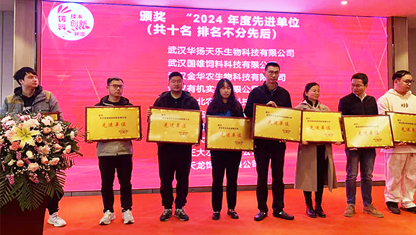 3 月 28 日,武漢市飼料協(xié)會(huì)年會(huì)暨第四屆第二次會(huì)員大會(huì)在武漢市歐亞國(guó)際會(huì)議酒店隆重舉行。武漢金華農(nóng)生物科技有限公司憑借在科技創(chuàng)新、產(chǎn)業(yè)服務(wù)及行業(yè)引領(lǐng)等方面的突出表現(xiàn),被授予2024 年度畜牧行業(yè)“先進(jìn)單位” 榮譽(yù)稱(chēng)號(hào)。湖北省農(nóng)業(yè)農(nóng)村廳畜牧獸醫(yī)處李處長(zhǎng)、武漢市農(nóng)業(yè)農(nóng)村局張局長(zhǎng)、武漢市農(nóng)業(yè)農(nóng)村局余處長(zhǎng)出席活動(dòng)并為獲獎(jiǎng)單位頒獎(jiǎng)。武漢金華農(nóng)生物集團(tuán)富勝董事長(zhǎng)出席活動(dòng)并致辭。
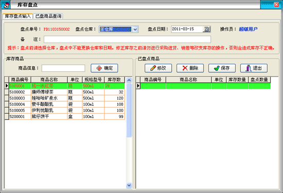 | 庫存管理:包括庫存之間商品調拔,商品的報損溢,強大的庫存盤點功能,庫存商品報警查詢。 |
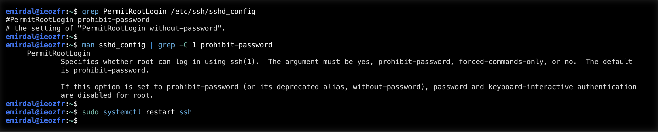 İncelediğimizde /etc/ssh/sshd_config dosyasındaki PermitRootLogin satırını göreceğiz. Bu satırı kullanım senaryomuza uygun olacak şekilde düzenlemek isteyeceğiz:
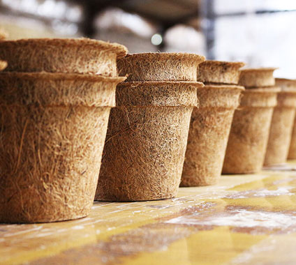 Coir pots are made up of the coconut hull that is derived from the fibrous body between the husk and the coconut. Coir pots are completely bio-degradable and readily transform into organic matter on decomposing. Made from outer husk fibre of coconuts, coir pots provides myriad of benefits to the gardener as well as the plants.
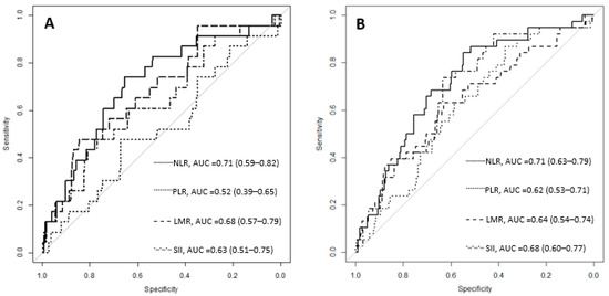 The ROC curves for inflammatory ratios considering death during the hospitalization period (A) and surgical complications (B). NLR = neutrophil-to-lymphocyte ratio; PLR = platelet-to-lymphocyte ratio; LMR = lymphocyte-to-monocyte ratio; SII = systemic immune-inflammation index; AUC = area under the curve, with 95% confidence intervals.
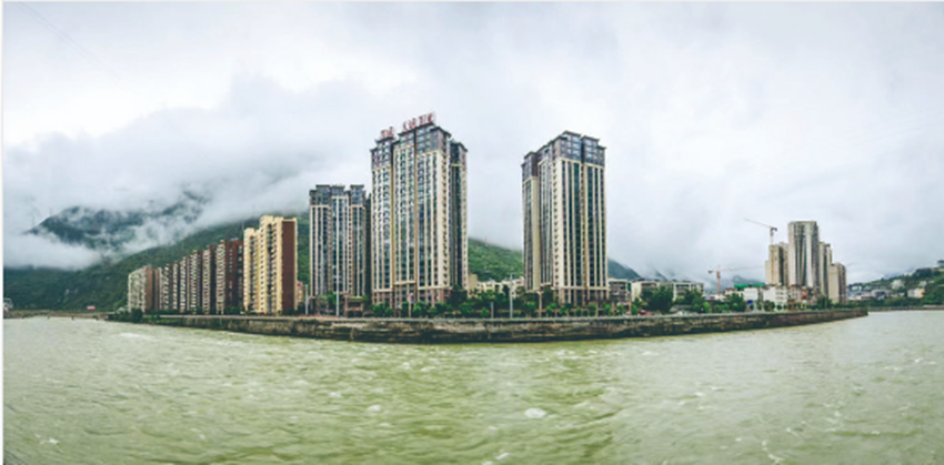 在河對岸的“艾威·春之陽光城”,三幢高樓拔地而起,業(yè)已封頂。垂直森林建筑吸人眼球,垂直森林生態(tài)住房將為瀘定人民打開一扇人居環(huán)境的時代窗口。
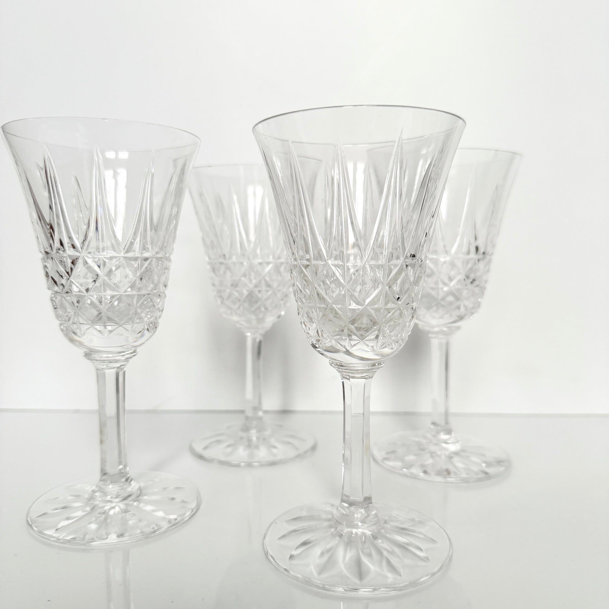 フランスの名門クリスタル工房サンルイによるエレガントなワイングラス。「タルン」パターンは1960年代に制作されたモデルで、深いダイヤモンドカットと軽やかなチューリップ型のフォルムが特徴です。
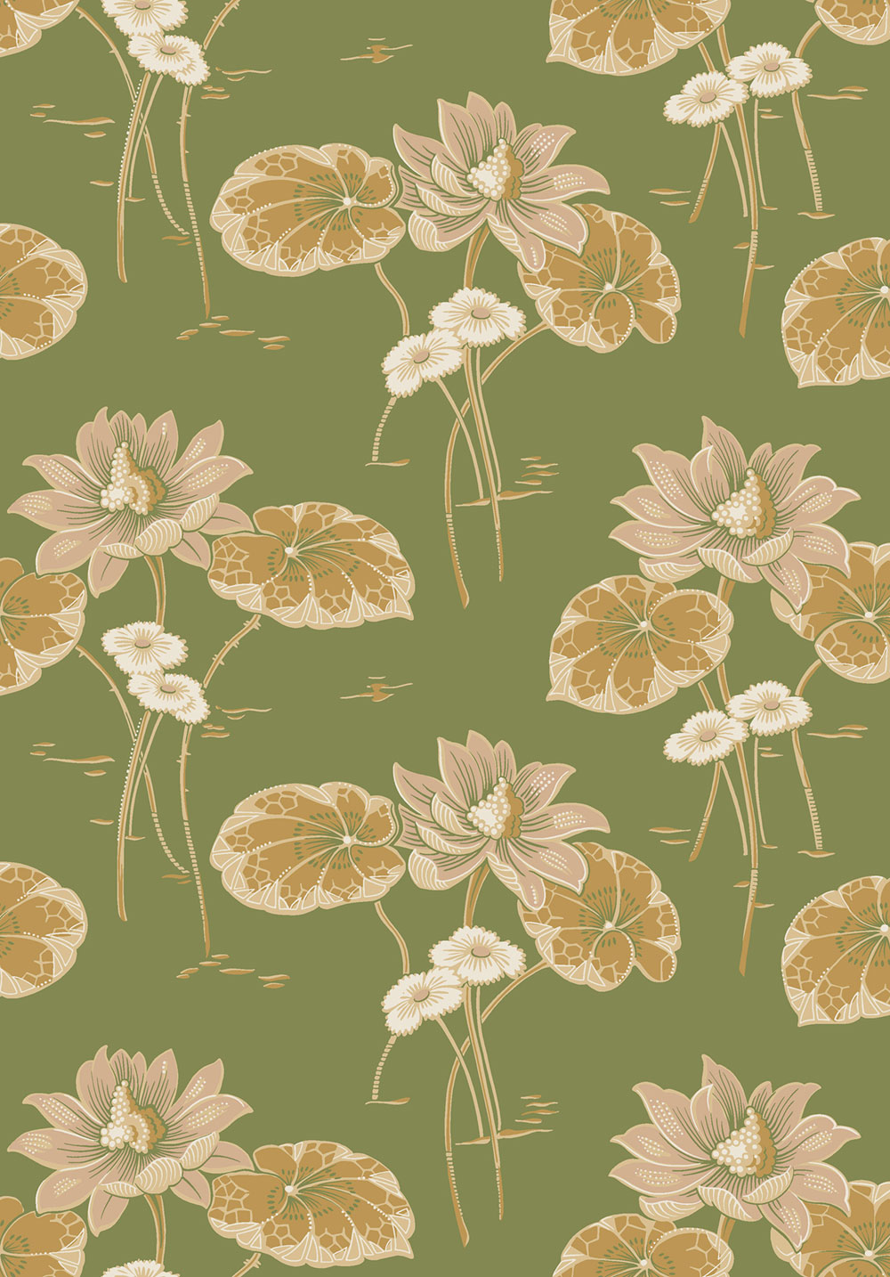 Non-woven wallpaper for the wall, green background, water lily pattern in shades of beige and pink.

******************************

_Activity_. Restate the records above in full, word for word. Keep pictures out.

_Task answer_.
 3 月 28 日,武漢市飼料協(xié)會(huì)年會(huì)暨第四屆第二次會(huì)員大會(huì)在武漢市歐亞國(guó)際會(huì)議酒店隆重舉行。武漢金華農(nóng)生物科技有限公司憑借在科技創(chuàng)新、產(chǎn)業(yè)服務(wù)及行業(yè)引領(lǐng)等方面的突出表現(xiàn),被授予2024 年度畜牧行業(yè)“先進(jìn)單位” 榮譽(yù)稱(chēng)號(hào)。湖北省農(nóng)業(yè)農(nóng)村廳畜牧獸醫(yī)處李處長(zhǎng)、武漢市農(nóng)業(yè)農(nóng)村局張局長(zhǎng)、武漢市農(nóng)業(yè)農(nóng)村局余處長(zhǎng)出席活動(dòng)并為獲獎(jiǎng)單位頒獎(jiǎng)。武漢金華農(nóng)生物集團(tuán)富勝董事長(zhǎng)出席活動(dòng)并致辭。
 | 庫存管理:包括庫存之間商品調拔,商品的報損溢,強大的庫存盤點功能,庫存商品報警查詢。 |
 İncelediğimizde /etc/ssh/sshd_config dosyasındaki PermitRootLogin satırını göreceğiz. Bu satırı kullanım senaryomuza uygun olacak şekilde düzenlemek isteyeceğiz:
 Coir pots are made up of the coconut hull that is derived from the fibrous body between the husk and the coconut. Coir pots are completely bio-degradable and readily transform into organic matter on decomposing. Made from outer husk fibre of coconuts, coir pots provides myriad of benefits to the gardener as well as the plants.
 The ROC curves for inflammatory ratios considering death during the hospitalization period (A) and surgical complications (B). NLR = neutrophil-to-lymphocyte ratio; PLR = platelet-to-lymphocyte ratio; LMR = lymphocyte-to-monocyte ratio; SII = systemic immune-inflammation index; AUC = area under the curve, with 95% confidence intervals.
 在河對岸的“艾威·春之陽光城”,三幢高樓拔地而起,業(yè)已封頂。垂直森林建筑吸人眼球,垂直森林生態(tài)住房將為瀘定人民打開一扇人居環(huán)境的時代窗口。
 フランスの名門クリスタル工房サンルイによるエレガントなワイングラス。「タルン」パターンは1960年代に制作されたモデルで、深いダイヤモンドカットと軽やかなチューリップ型のフォルムが特徴です。
 Non-woven wallpaper for the wall, green background, water lily pattern in shades of beige and pink.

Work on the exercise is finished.